Randomly sample a data set

Randomly sample a data set - random

I came across a Q that was asked in one of the interviews..
Q - Imagine you are given a really large stream of data elements (queries on google searches in May, products bought at Walmart during the Christmas season, names in a phone book, whatever). Your goal is to efficiently return a random sample of 1,000 elements evenly distributed from the original stream. How would you do it?
I am looking for -
What does random sampling of a data set mean?
(I mean I can simply do a coin toss and select a string from input if outcome is 1 and do this until i have 1000 samples..)
What are things I need to consider while doing so? For example .. taking contiguous strings may be better than taking non-contiguous strings.. to rephrase - Is it better if i pick contiguous 1000 strings randomly.. or is it better to pick one string at a time like coin toss..
This may be a vague question.. I tried to google "randomly sample data set" but did not find any relevant results.

Binary sample/don't sample may not be the right answer.. suppose you want to sample 1000 strings and you do it via coin toss.. This would mean that approximately after visiting 2000 strings.. you will be done.. What about the rest of the strings?
I read this post - http://gregable.com/2007/10/reservoir-sampling.html
which answers this Q quite clearly..
Let me put the summary here -
SIMPLE SOLUTION
Assign a random number to every element as you see them in the stream, and then always keep the top 1,000 numbered elements at all times.
RESERVOIR SAMPLING
Make a reservoir (array) of 1,000 elements and fill it with the first 1,000 elements in your stream.
Start with i = 1,001. With what probability after the 1001'th step should element 1,001 (or any element for that matter) be in the set of 1,000 elements?
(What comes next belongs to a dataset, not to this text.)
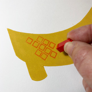 Here are the stages from drawing to woodcut, with linocut and ink stamping all in the mix...

The answer is easy: 1,000/1,001. So, generate a random number between 0 and 1, and if it is less than 1,000/1,001 you should take element 1,001.
If you choose to add it, then replace any element (say element #2) in the reservoir chosen randomly. The element #2 is definitely in the reservoir at step 1,000 and the probability of it getting removed is the probability of element 1,001 getting selected multiplied by the probability of #2 getting randomly chosen as the replacement candidate. That probability is 1,000/1,001 * 1/1,000 = 1/1,001. So, the probability that #2 survives this round is 1 - that or 1,000/1,001.
This can be extended for the i'th round - keep the i'th element with probability 1,000/i and if you choose to keep it, replace a random element from the reservoir. The probability any element before this step being in the reservoir is 1,000/(i-1). The probability that they are removed is 1,000/i * 1/1,000 = 1/i. The probability that each element sticks around given that they are already in the reservoir is (i-1)/i and thus the elements' overall probability of being in the reservoir after i rounds is 1,000/(i-1) * (i-1)/i = 1,000/i.

I think you have used the word infinite a bit loosely , the very premise of sampling is every element has an equal chance to be in the sample and that is only possible if you at least go through every element. So I would translate infinite to mean a large number indicating you need a single pass solution rather than multiple passes.
Reservoir sampling is the way to go though the analysis from #abipc seems in the right direction but is not completely correct.
It is easier if we are firstly clear on what we want. Imagine you have N elements (N unknown) and you need to pick 1000 elements. This means we need to device a sampling scheme where the probability of any element being there in the sample is exactly 1000/N , so each element has the same probability of being in sample (no preference to any element based on its position on the original list). The scheme mentioned by #abipc works fine, the probability calculations goes like this -
After first step you have 1001 elements so we need to pick each element with probability 1000/1001. We pick the 1001st element with exactly that probability so that is fine. Now we also need to show that every other element also has the same probability of being in the sample.
p(any other element remaining in the sample) = [ 1 - p(that element is
removed from sample)]
= [ 1 - p(1001st element is selected) * p(the element is picked to be removed)
= [ 1 - (1000/1001) * (1/1000)] = 1000/1001
Great so now we have proven every element has a probability of 1000/1001 to be in the sample. This precise argument can be extended for the ith step using induction.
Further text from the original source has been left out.